There's a 9 repeating 6 times in there which I'd think is a pretty rare occurrence in pi. I wonder what the longest occurrence of a repeating digit is.

[–] [email protected] 23 points 10 months ago* (last edited 10 months ago) (1 children)

Pi is infinite so every combination/string of numbers is in there, if we calculated enough you could find a billion 2s next to each other

You can look through the first trillion here

https://archive.org/details/pi_dec_1t

Though it’s a bunch of downloading

[–] [email protected] 15 points 10 months ago (2 children)

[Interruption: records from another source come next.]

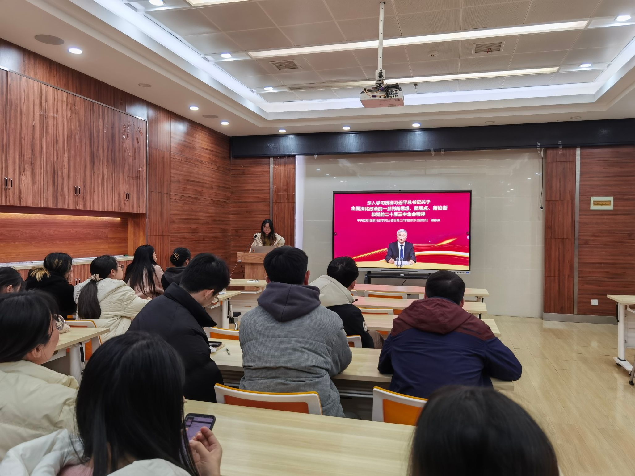 会议第二项,党支部书记许澎组织开展学习贯彻党的二十届三中全会精神主题党日,支部成员集中观看了《深入学习贯彻习近平总书记关于全面深化改革的一系列新思想、新观点、新论断和党的二十届三中全会精神》的视频课程。全会最重要的成果是审议通过《中共中央关于进一步全面深化改革、推进中国式现代化的决定》,提出300多项重要改革措施,许澎同志重点介绍了进一步全面深化改革贯彻六条原则、推进中国式现代化的战略重点、关于深化教育科技人才体制机制改革、关于党的领导和党的建设制度改革等方面的内容。
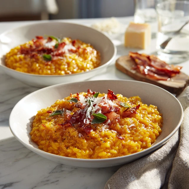 Creamy pumpkin risotto enriched with crispy bacon and savory Parmesan cheese.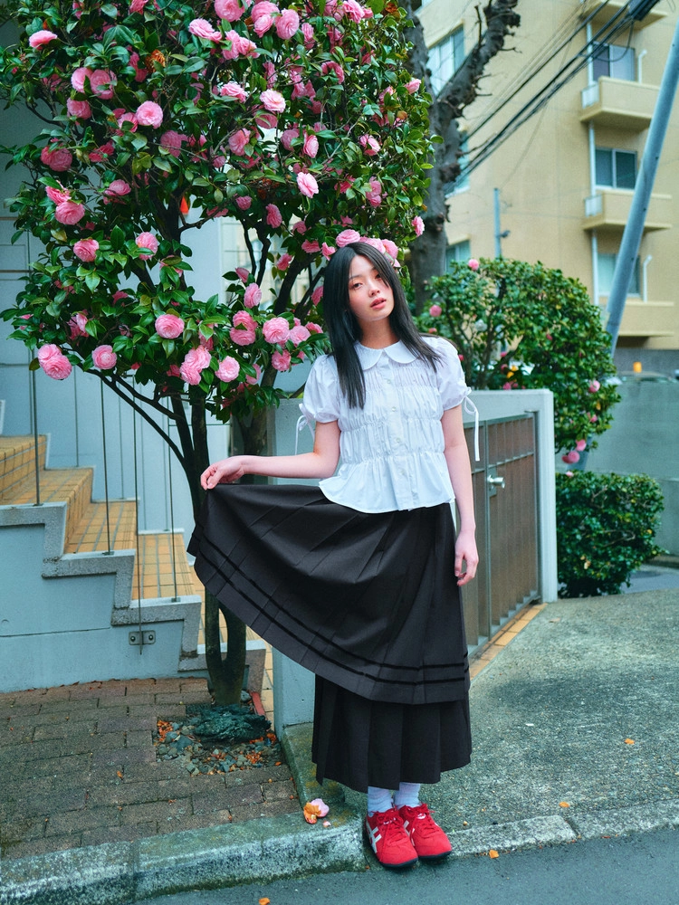 DOUBLE TAPE LAYERD LONG PLEATS SKIRT_BLACK 복제

Not necessarily. It could just become a series of 1's repeating forever. Nothing would require it to contain all strings of numbers.

[–] [email protected] 6 points 10 months ago

It could just become a series of 1’s repeating forever

If that happens in a number, then it is rational. Pi is not rational, so that will never happen in pi.

[–] [email protected] 2 points 10 months ago (2 children)

The point of pi is that it’s non-repeating

[–] [email protected] 26 points 10 months ago (1 children)

Take a look at 0.101001000100001... This number is also non-repeating, but obviously doesn't contain all numbers with finite digits.

The property you're looking for is called to be a normal number. Pi is assumed to be one, but it hasn't yet been proven.

However, in a sense this is an unremarkable property as almost all real numbers are normal. :)

[–] [email protected] -2 points 10 months ago

but obviously doesn’t contain all numbers with finite digits.

I was just claiming possibility because we haven’t calculated the infinite string

[–] [email protected] 4 points 10 months ago* (last edited 10 months ago) (1 children)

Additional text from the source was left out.